Sample Projects/Sample Project 2

This project is intended to help you learn more about multi-core execution. You will submit a report for this project. To complete this project, you should know how to set up the simulator and run a simulation. You should also know how to compile a simple application using the cross-compiler. Project 0 has instructions on how to accomplish these tasks.

Each part of this project assignment specifies what should be included in your report and which additional files to submit in T-Square. Do not archive the report files when you submit them – each file submitted in T-Square should be uploaded separately, with the specified in this assignment.

As explained in the course rules, this is an individual project: no collaboration with other students or anyone else is allowed.

Part 1: Running a parallel application

Set up the simulator as explained in Project 1, and make sure that you are using the default configuration file (not the one modified for Project 1). This time, we will be compiling and running a parallel application called lu from the Splash-2 benchmark suite (which is often used to evaluate shared-memory parallel machines).

First, make an lu directory in your ~/sim directory, then copy the source code of the application there:

 cd ~/sim

 mkdir lu

 cd lu

 cp /CS6290/lu.c .

Now compile this application:

 mips-unknown-linux-gnu-gcc -O3 -g -static -fno-delayed-branch -fno-optimize-sibling-calls -msplit-addresses -mabi=32 -march=mips4 -o lu.mipseb lu.c -lm -lpthread

Note that we are using the same options as we did in Project 1, except that we are now telling the compiler to use the math library (-lm) and the pthread library (-lpthread) when linking the application.

Now that we have a MIPS executable file for this application, we can run some simulations. The lu application has two main parameters, -n <size> and –p <nthreads>, where <size> it determines the problem size and <nthreads> specifies how many threads to use. This application performs a LU decomposition of a <size>-by-<size> matrix using <nthreads> parallel threads.

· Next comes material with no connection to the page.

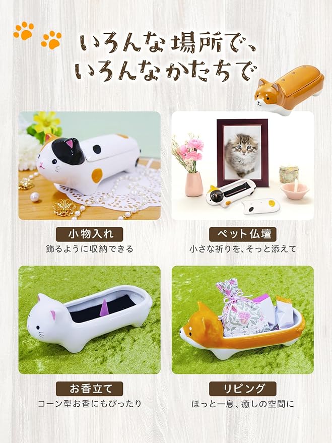 【使っていない時も可愛いオブジェに】 とことこ歩く猫や犬の姿がとても愛らしく、線香を焚いていないときもインテリアオブジェとしてお部屋に癒しを添えます。和室にも洋室にもなじみやすいナチュラルなデザインで、来客時の話題にもなるほどの可愛さです。

To complete this part of the project, run the lu application in the simulator using 1, 2, 4, 8, and 16 processors (cores), using <size> of 128, then answer the following:

  1. What is the parallel speedup and parallel efficiency with 2, 4, 8, and then with 16 processors?

    Note: Parallel speedup is the speedup of parallel execution over the single-core execution with the same input size. Parallel efficiency is the parallel speedup divided by the number of threads used – ideally, the speedup would be equal to the number of threads used, so the efficiency would be 1.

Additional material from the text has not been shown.